Mt. Pleasant Cemetery is especially pleasant in the quiet of the morning of a snow day.
(February 6, 2017)
January 6, 2023
With much better light than in the late afternoon of 1/5/23 (above), I watched the eagle pair hard at work building their nest. They were doing so off and on.
One of the birds (the male, I assume), flies off, picks off a branch, circles a few times (for effect?) and brings the stick to the nest. The spouse (the female?) puts the stick into the exactly right spot.
January 16, 2023
I already thought that the eagle nest would turn out to be a non-event. But then one eagle showed up on the later afternoon of a gorgeous January 16. I ran out to the cemetery with my camera and took pictures in the slowly waning evening light.
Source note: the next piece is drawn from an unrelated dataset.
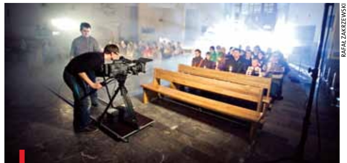
Sesja zdjęciowa Holy Is His Name . Premiera teledysku pod koniec kwietnia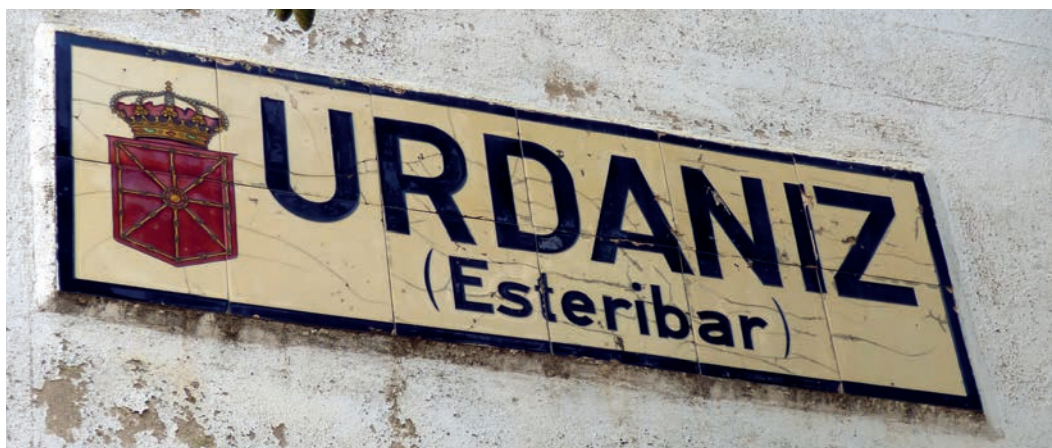
Figura 25. Rótulo de Urdániz (c. 1920).

The German word for cemetery is Friedhof - yard of peace.
The one eagle did not do anything but majestically sit high on the aerie tree. Some photos taken from a distance show the size of the tree. (Would someone please comment on my idea that it is a cottonwood, possibly a black cottonwood, Populus trichocarpa.)



A red-tailed hawk flew by, too.
January 19, 2023
Apparently, the eagles are at the cemetery off and on. One of them was sitting in a tree near the aerie at about 10:45 a.m. Two hours later it was gone.
February 9, 2023
Since the last entry, I saw one of the eagles near the nest on occasion. Tonight was the first time I saw both of them at the nest.
February 20, 2023
We had seen one or both eagles a few times. But of course we don't monitor the aerie tree constantly. Today, as I was leaving the house for a walk, an eagle flew by with a screaming gull in hot pursuit. I grabbed my camera and found both eagles near the nest. They were definitely watching me carefully as I was taking my photos. The birds did not stay long.
The above two photos show the two eagles. I think that the first one is probably the female. She looks bigger in the top photo under February 20.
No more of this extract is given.